Exercise goal
The line containing "The HSB - House" marks the start; extract exactly from it through the last line of the entries, and omit any pictures.

Material for the task
┌──

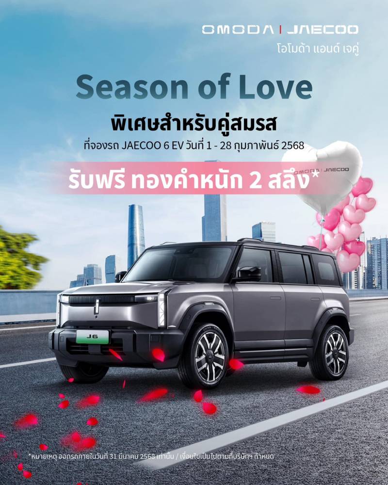 ข้อเสนอพิเศษที่ 3 JAECOO 6 EV Season of Love สำหรับคู่สมรสที่จองรถ JAECOO 6 EV รับฟรีทองคำ 2 สลึง เมื่อออกรถภายในวันที่ 31 มี.ค. 68 เท่านั้น และเงื่อนไขเป็นไปตามที่บริษัทฯ กำหนด
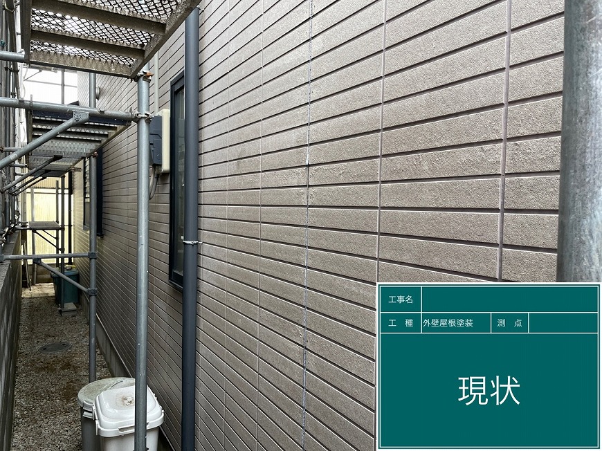 外壁は塗膜がなく、目地も取れていて下地が見えていました。
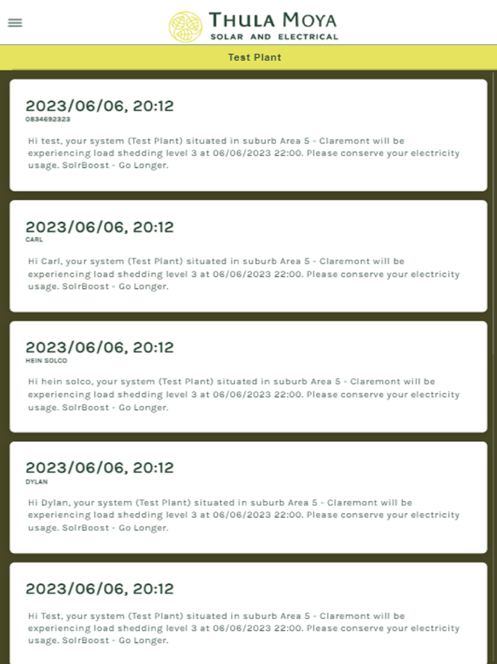 Mobile Application for Thula Moya customers. Customers can register for push notifications, see their loadshedding schedules as well as historical messages sent to them.
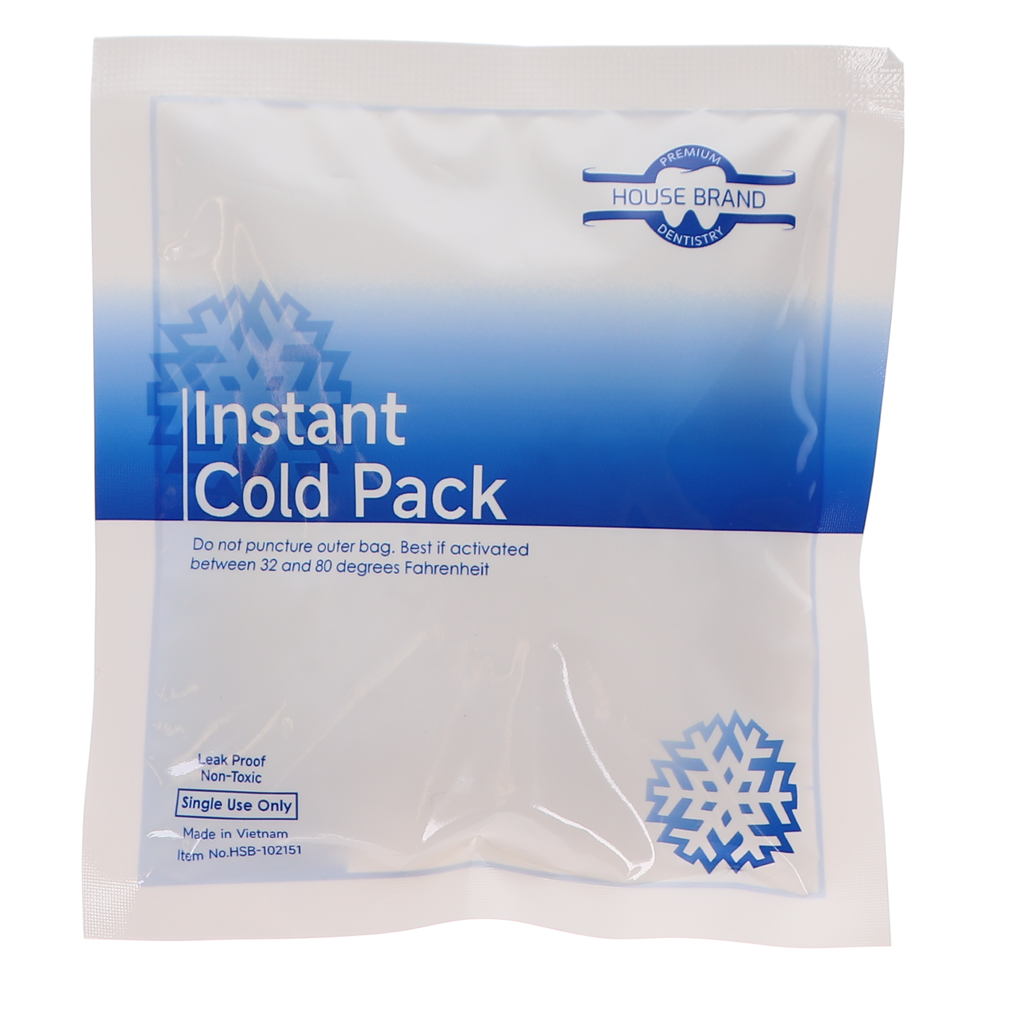 The HSB - House Brand Dentistry Instant Cold Packs, Disposable, 5" x 5.5" 80/Pk is a professional-grade solution designed to provide immediate, sanitary, and effective cold therapy to patients. If you are not certain what a disposable instant cold pack is, it is a single-use pouch that, when activated by a simple squeeze, initiates a chemical reaction to provide instant cooling without the need for pre-freezing.
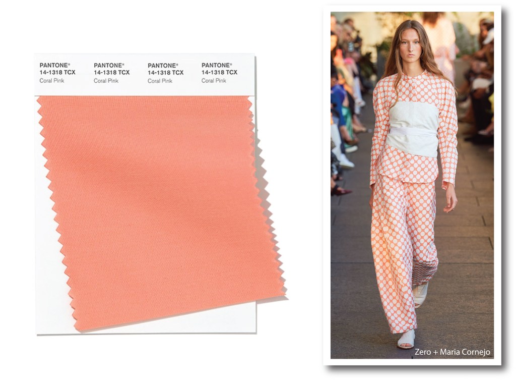 Ad una prima lettura, Coral Pink ricorda il mitico Living Coral. Dai toni caldi e zuccherosi, questa sfumatura rosa pesca potrebbe quasi considerarsi la versione pastello del colore (ancora per poco) in carica. Dalle passerelle newyorkesi, la serie tv Victoria ispira il brand Zero+Maria Cornejo. I corsetti vittoriani indossati sotto i vestiti, questa volta cingono con twist contemporaneo, completi in cui Coral Pink segue deliziosi pois optical. Scelta grafica perfetta, per equilibrare con eleganza e gentilezza un dressing down tipicamente street.

└──

Solution to the exercise
 The HSB - House Brand Dentistry Instant Cold Packs, Disposable, 5" x 5.5" 80/Pk is a professional-grade solution designed to provide immediate, sanitary, and effective cold therapy to patients. If you are not certain what a disposable instant cold pack is, it is a single-use pouch that, when activated by a simple squeeze, initiates a chemical reaction to provide instant cooling without the need for pre-freezing.
 Ad una prima lettura, Coral Pink ricorda il mitico Living Coral. Dai toni caldi e zuccherosi, questa sfumatura rosa pesca potrebbe quasi considerarsi la versione pastello del colore (ancora per poco) in carica. Dalle passerelle newyorkesi, la serie tv Victoria ispira il brand Zero+Maria Cornejo. I corsetti vittoriani indossati sotto i vestiti, questa volta cingono con twist contemporaneo, completi in cui Coral Pink segue deliziosi pois optical. Scelta grafica perfetta, per equilibrare con eleganza e gentilezza un dressing down tipicamente street.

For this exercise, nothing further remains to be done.